Из записных книжек Достоевского
– От нищеты и унижений, от грозных и остервенелых сил, втоптавших человечество в скорбь и муки современных городов, великие прорицатели лучшего будущего зовут вас к ликованию и всеобщей радости на всем земном шаре от полюса до полюса. Из душных чердаков и промозглых подвалов они приведут к цветущим садам и солнечным побережьям, омываемым лазурными волнами, выносящими на золотой песок все драгоценности своих подводных жемчужниц. В преображенной вселенной новые люди будут упоены высшим счастьем – безболезненного и полного господства над своей планетой во всех источниках ее великих наслаждений. Кровавые и пасмурные пути истории завершатся радостным пришествием к земному раю, когда установится наконец для всего растоптанного и замученного человечества пора неомрачаемого блаженства среди цветущих материков, покрытых дворцами, парками, золотыми колосьями тучных нив и лучезарными чертогами сияющих фаланстер…
Нагоревшая сальная свечка чадила, трещала и бросала прерывистый свет на убогую комнату с оборванной и ветхой мебелью, шаткими половицами и мутными, запотелыми оконцами. Там, за их стеклами, глухая осенняя ночь, завывая и плача, роняла свои дожди и туманы на казармы, дворцы и доходные дома огромного, тяжеловесного, взъерошенного стальными кольями города. Там где-то в прелой слякоти петербургской ночи горбились на паперти сенного Спаса промокшие лохмотники, прятались в полосатые будки квартальные, неутомимо скакали во всех направленьях курьеры и монументально стыли на своих козлах и запятках гайдуки и форейторы. А меж мигающих фонарей Невского проспекта, с визгом и скрипом сотрясаемых порывами ветра, бродили с последней отчаянной надеждой опрятные, принаряженные, худощавые женщины с растерянными, жалкими улыбками и тревожными несытыми взглядами.
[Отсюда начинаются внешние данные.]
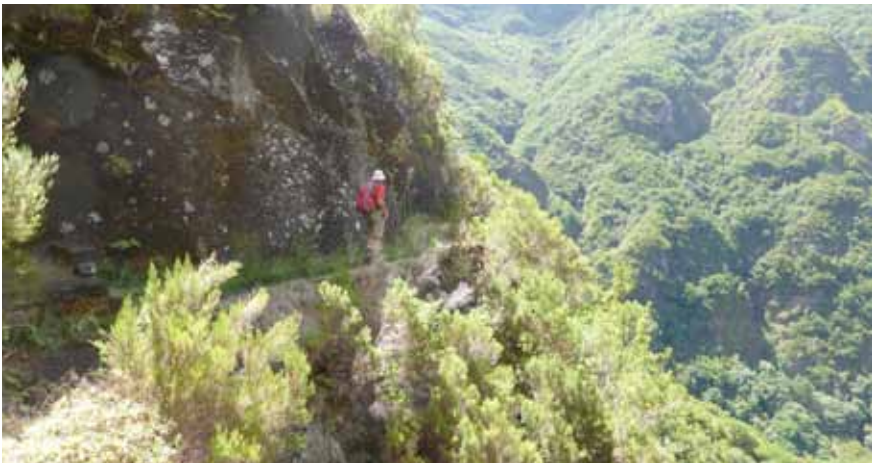
Wolfgang Böttner unterwegs auf Madeira

Wolfgang Böttner berichtet mit Bildern von seinen Wegen auf der Insel am Donnerstag, den 19.11.2015, um 14:30 Uhr im Poppenrichter Seniorenkreis im dortigen Gemeindehaus. Gäste sind natürlich immer herzlich willkommen. Im Anschluß gibt es ein gemütliches Kaffeetrinken.

В полутемной лачуге Петрашевского развертывались видения золотого века. Через долгие, томительные и жестокие годы Достоевский неожиданно вспомнил этот ликующий миф петрашевцев среди своих заграничных скитаний, в пустынных музейных залах, перед полотнами Лувра и Цвингера. По картинным галереям Европы он следил за своим любимым художником, сумевшим запечатлеть в светящихся и воздушных красках величайшие легенды философов и поэтов о грядущем всеобщем счастьи. Знакомство с этим старинным мастером было одним из счастливейших событий его жизни. С давних пор любил он бродить по Эрмитажу и копить в своей библиотеке каталоги картинной галереи. Он имел здесь своих любимцев и недругов. Быстро и словно опасаясь преследования, проходил он мимо дымных полотен Рембрандта: слишком много общего с его собственным творчеством – угрюмо, мучительно, безнадежно. Старческие морщины, насупленные брови, тревожно и подозрительно блещущие глаза. Вот кто написал бы портрет Прохарчина! От всего этого темного и грешного, переполняющего душу черной меланхолией, его влекло в какой-то солнечный просвет, раздирающий тяжелые и плотные завесы истории. Он уверенно шел к этому мудрому и радостному изобразителю безгрешных снов человечества. Это был Клавдий Желле, прозванный по своей родине Лотарингцем и вошедший в списки картинных галерей под несложным и мелодическим именем Клода Лоррена. Бытописатель петербургской бедноты полюбил эти видения блаженного племени, солнечную память о младенчестве человечества и материнском лоне Европы. Он мог часами вглядываться в эти древние долины с разостланным шелком недвижного потока, где мох оврага, кружево рощ, руно овец и волнистое оперенье облаков создавали ощущенье глубокого и сладостного мира. Его восхищали эти просторные, праздничные гавани, схватывающие море мраморными колоннадами и фигурными перилами широких дворцовых лестниц. В черных туманах финского болота его чаровали эти перламутровые переливы волн и золотые отсветы полуденного неба в легкой перистой зыби сверкающих водных громад Средиземья.